Mas pergunta estúpida: você mudou cada vez que os 3 elementos (estação + consola + datalogger)?
Há um problema conhecido com o antigo (antes de 2013) datalogger USB e firmware recente do console.


----------



## ACalado (21 Dez 2019 às 18:29)

Toby disse:


> Boa noite,
> Se a minha tradução estiver correta, você mudou a estação várias vezes.
> Mas pergunta estúpida: você mudou cada vez que os 3 elementos (estação + consola + datalogger)?
> Há um problema conhecido com o antigo (antes de 2013) datalogger USB e firmware recente do console.


Boas,

Mudei apenas o Iss, enquanto estava na garantia foi-me enviado o kit de recuperação que não é nada menos que o Iss com todos os sensores. 

Enviado do meu VOG-L09 através do Tapatalk


----------



## Toby (21 Dez 2019 às 18:40)

ACalado disse:


> Boas,
> 
> Mudei apenas o Iss, enquanto estava na garantia foi-me enviado o kit de recuperação que não é nada menos que o Iss com todos os sensores.
> 
> Enviado do meu VOG-L09 através do Tapatalk



Está bem, mas o tipo de datalogger de dados? Origine Davis? USB?IP?
É muito comum com os datalogger USB antigos.(antes de 2013 = datalogger )


----------



## ACalado (21 Dez 2019 às 18:41)

Data logger por usb 

Enviado do meu VOG-L09 através do Tapatalk


----------



## Toby (21 Dez 2019 às 18:47)

ACalado disse:


> Data logger por usb
> 
> Enviado do meu VOG-L09 através do Tapatalk



Eu sei que falo muito mal em português.
Os registradores de dados USB fabricados antes de 2013 têm problemas de compatibilidade que dão resultados exatamente como você (.
Não estou a dizer que é a solução, mas é uma pista para investigar.
(vários membros do InfoClimat têm tido este problema)


----------



## ACalado (21 Dez 2019 às 18:49)

Toby disse:


> Eu sei que falo muito mal em português.
> Os registradores de dados USB fabricados antes de 2013 têm problemas de compatibilidade que dão resultados exatamente como você (.
> Não estou a dizer que é a solução, mas é uma pista para investigar.
> (vários membros do InfoClimat têm tido este problema)
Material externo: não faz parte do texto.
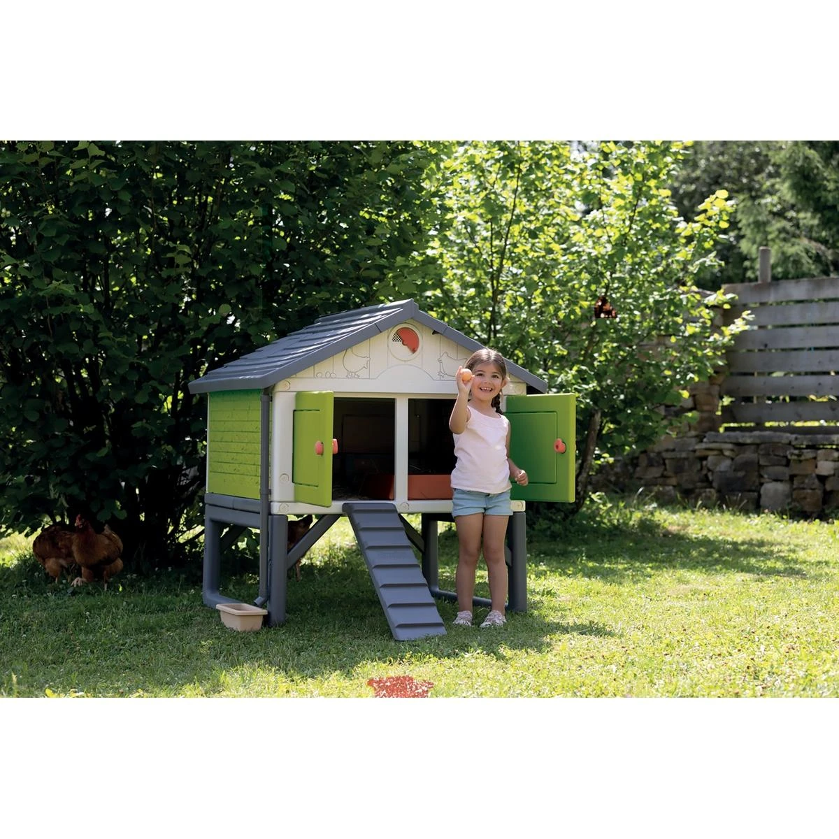 Le Cot Cot Cottage – poulailler de la marque SMOBY est un poulailler de qualité, pratique et très sécurisé pour les poules. Sa structure stable et résistante avec des portes, un plancher et des pieds en plastique soufflé traités anti-UV garantit un confort optimal pour vos poules. Il comprend des équipements bien pensés tels qu’une rampe d’accès, un pondoir, un perchoir, une ventilation réglable et une descente d’eau avec récipient pour récupérer l’eau de pluie. Il est facile à nettoyer grâce à sa structure en plastique et ses grandes portes, et peut être déplacé facilement grâce à ses pieds adaptés. Il est livré en 2 colis avec un œuf factice et un livret ludique à l’intérieur.

Então sugere que o problema do erro da humidade seja do dattalogger?
Vou ver no infoclimat
Obrigado 

Enviado do meu VOG-L09 através do Tapatalk


----------



## Toby (21 Dez 2019 às 18:55)

ACalado disse:


> Então sugere que o problema do erro da humidade seja do dattalogger?
> Vou ver no infoclimat
> Obrigado
> 
> Enviado do meu VOG-L09 através do Tapatalk


Sim O registrador de dados USB não é atualizável (sem firmware)
Vou fazer a pergunta como reconhecer a data no USB...


----------



## ACalado (21 Dez 2019 às 18:57)

Toby disse:


> Sim O registrador de dados USB não é atualizável (sem firmware)
> Vou fazer a pergunta como reconhecer a data no USB...


Obrigado,

O estranho é que ela funciona bem só após um tempo de uso é que começa a ter este problema e é só na leitura da humidade, de resto os outros dados estão todos bem. 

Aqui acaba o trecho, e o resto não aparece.